The expanding nozzle is a type of rocket nozzle that, unlike traditional designs, maintains its efficiency at a wide range of altitudes. It is a member of the class of altitude compensating nozzles, a class that also includes the plug nozzle and aerospike. While the expanding nozzle is the least technically advanced and simplest to understand from a modeling point of view, it also appears to be the most difficult design to build.
In the traditional bell nozzle the engine skirt is shaped to gradually flare out from the small-diameter exit from the combustion chamber, growing larger further from the chamber.

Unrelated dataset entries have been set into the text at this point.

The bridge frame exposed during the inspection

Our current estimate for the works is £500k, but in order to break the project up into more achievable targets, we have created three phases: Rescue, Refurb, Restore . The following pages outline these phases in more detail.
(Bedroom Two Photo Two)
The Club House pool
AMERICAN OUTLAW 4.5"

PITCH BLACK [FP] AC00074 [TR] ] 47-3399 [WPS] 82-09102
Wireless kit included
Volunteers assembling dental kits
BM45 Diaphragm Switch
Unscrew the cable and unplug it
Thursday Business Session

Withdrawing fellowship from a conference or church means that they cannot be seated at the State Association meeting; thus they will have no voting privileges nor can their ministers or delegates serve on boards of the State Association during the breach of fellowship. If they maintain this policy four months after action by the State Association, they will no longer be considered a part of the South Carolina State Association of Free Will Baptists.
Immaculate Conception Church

The basic idea is to lower the pressure of the exhaust by expanding it in the nozzle, until it reaches ambient air pressure at the exit. For operations at sea level the skirt is generally short and highly angled, at least in comparison to a skirt designed for operations in space, which are longer and more gradually shaped. This means that a rocket engine that spends any significant amount of time climbing through the atmosphere cannot be optimally shaped; as it climbs the ambient pressure changes, so the exact shape and length of the skirt would have to change in order to maintain the proper pressure. Rocket designers have to select the sweet spot that is most appropriate to their needs, realizing that this will reduce thrust by as much as 30% at other altitudes.

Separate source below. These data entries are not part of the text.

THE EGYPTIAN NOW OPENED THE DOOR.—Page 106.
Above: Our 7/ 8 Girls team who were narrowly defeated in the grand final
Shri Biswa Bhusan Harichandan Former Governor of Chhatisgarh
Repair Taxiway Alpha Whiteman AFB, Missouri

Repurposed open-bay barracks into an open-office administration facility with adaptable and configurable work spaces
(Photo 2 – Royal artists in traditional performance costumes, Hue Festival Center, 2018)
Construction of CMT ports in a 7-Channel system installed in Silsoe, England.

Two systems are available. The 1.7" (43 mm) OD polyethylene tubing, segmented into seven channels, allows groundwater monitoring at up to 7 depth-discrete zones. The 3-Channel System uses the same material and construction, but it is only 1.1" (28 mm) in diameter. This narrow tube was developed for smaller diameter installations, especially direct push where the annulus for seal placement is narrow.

The expanding nozzle addresses this to a degree by including two skirts on a single engine, one inside the other. The first skirt, attached directly to the combustion chamber, is designed for use at lower altitudes and is short and squat. The second, sitting outside the first, fits over the lower altitude bell to extend it into a longer and narrower (measured in terms of length) bell used for higher altitudes. At liftoff the outer bell is pulled up from the inner bell, out of the way of the exhaust. As the spacecraft climbs, the outer bell is pushed back down over the inner bell to increase the thrust efficiency. Thus an expanding nozzle can have two sweet spots, which can lead to a major improvement in overall performance.

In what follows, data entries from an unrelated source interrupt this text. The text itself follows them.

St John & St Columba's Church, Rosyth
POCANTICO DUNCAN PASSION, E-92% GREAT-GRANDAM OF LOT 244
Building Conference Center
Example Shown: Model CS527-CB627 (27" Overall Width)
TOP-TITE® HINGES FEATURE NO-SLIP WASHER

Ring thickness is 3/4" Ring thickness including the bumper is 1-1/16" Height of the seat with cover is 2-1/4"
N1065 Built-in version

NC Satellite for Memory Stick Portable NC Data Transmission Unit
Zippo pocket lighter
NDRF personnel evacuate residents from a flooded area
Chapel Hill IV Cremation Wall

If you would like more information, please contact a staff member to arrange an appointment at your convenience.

Generally simple in concept, the expanding nozzle is considerably more complex to build than it might seem. Engine bells must be cooled to avoid damage from the hot rocket exhaust, and this has presented problems in expanding nozzle designs. The cooling is normally accomplished by running either the oxidizer or fuel (in the case of LH2 fueled engines) through tubing in the bell. With the bell moving, plumbing carrying the coolant to the bell has to be flexible and this increases complexity to the extent that the advantages of the design are often considered too costly. In the case of liquid hydrogen, the fluid also has the disadvantage of being highly reactive chemically, making a variety of common flexible materials unsuitable for use in this role.
For the aforementioned reasons modern designs (e. g. NK-33-1, RL-10A-4, and RL-10B-2) feature radiatively cooled reinforced carbon–carbon nozzle extensions needing no coolant plumbing at all.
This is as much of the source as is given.